[Start of Attachment]

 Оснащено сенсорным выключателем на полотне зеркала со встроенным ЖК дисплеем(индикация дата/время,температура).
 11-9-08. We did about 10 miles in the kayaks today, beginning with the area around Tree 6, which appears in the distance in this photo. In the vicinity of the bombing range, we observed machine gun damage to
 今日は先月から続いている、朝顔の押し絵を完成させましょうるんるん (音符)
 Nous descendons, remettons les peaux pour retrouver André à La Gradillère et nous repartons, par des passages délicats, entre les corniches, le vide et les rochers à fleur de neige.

[End of Attachment]
[Start of Attachment]

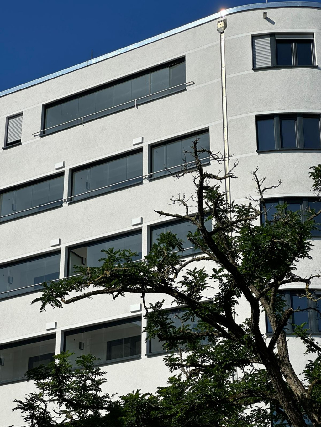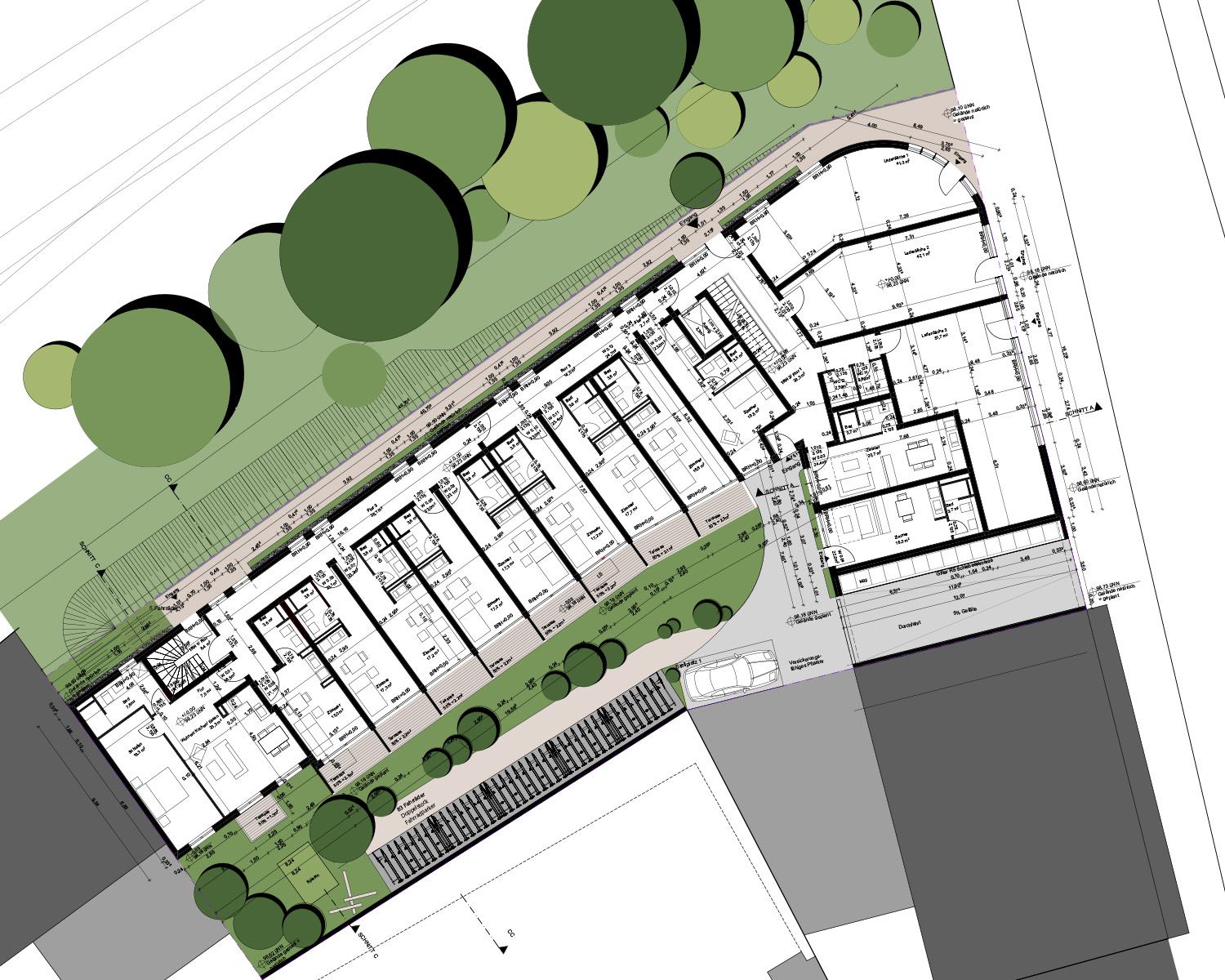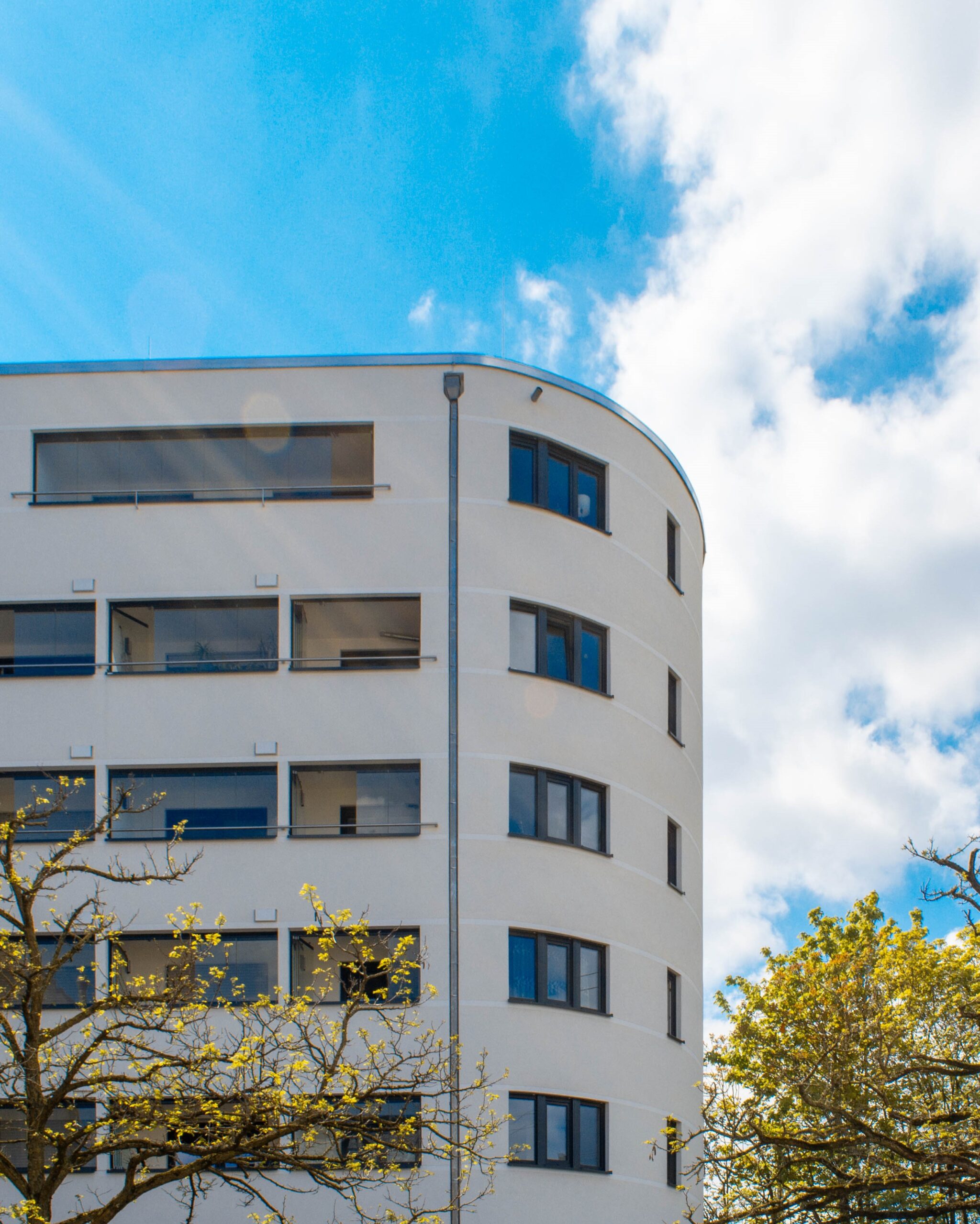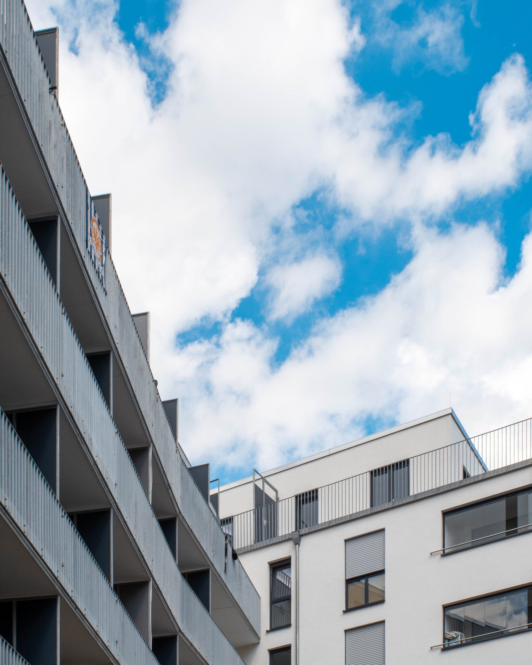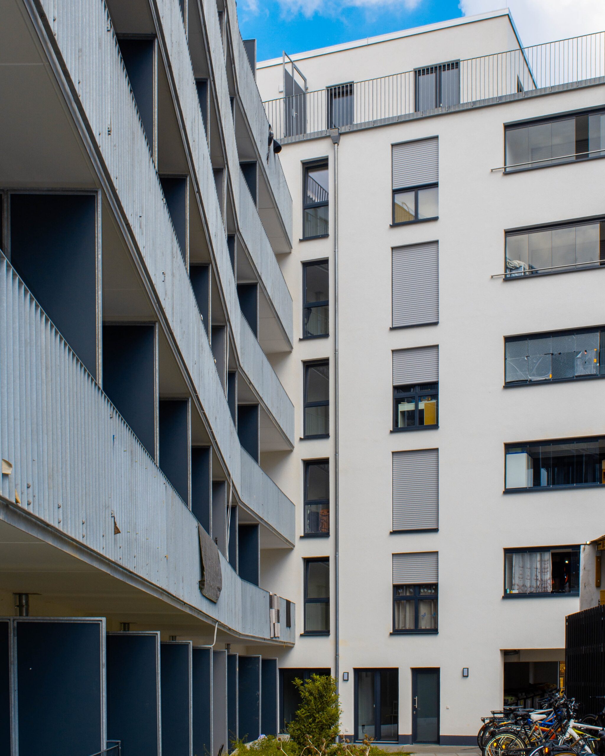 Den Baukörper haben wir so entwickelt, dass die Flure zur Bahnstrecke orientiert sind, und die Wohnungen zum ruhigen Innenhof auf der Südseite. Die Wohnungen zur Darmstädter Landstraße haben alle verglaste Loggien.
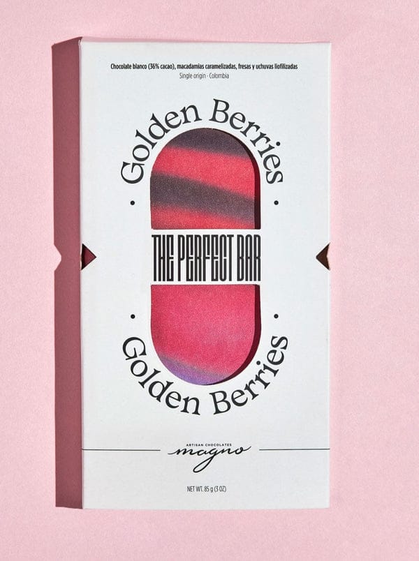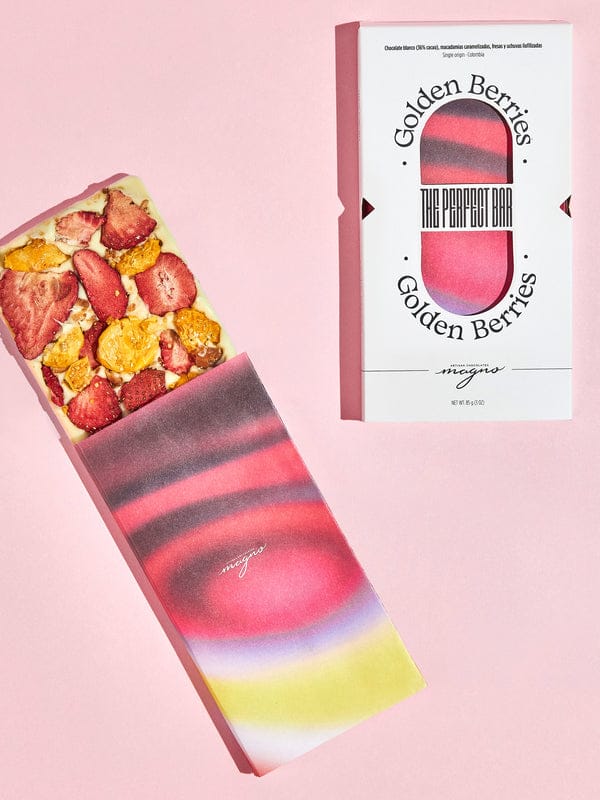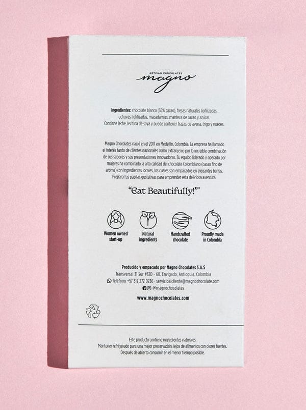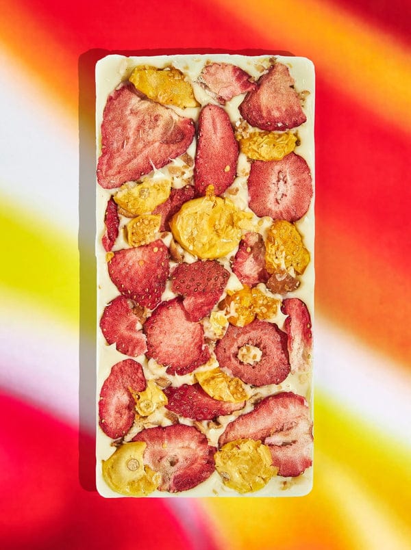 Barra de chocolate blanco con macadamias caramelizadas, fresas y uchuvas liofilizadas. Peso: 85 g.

[End of Attachment]

:: INSTRUCTIONS FOR THE TASK ::
Within the data above, the span starting at the line containing "今日は先月から続いている、朝顔の押し絵を完成させましょうるんるん (音符)" and ending at the line containing "Nous descendons, remettons" is to be retyped exactly, with no other lines.

:: REPLY TO THE TASK ::
 今日は先月から続いている、朝顔の押し絵を完成させましょうるんるん (音符)
 Nous descendons, remettons les peaux pour retrouver André à La Gradillère et nous repartons, par des passages délicats, entre les corniches, le vide et les rochers à fleur de neige.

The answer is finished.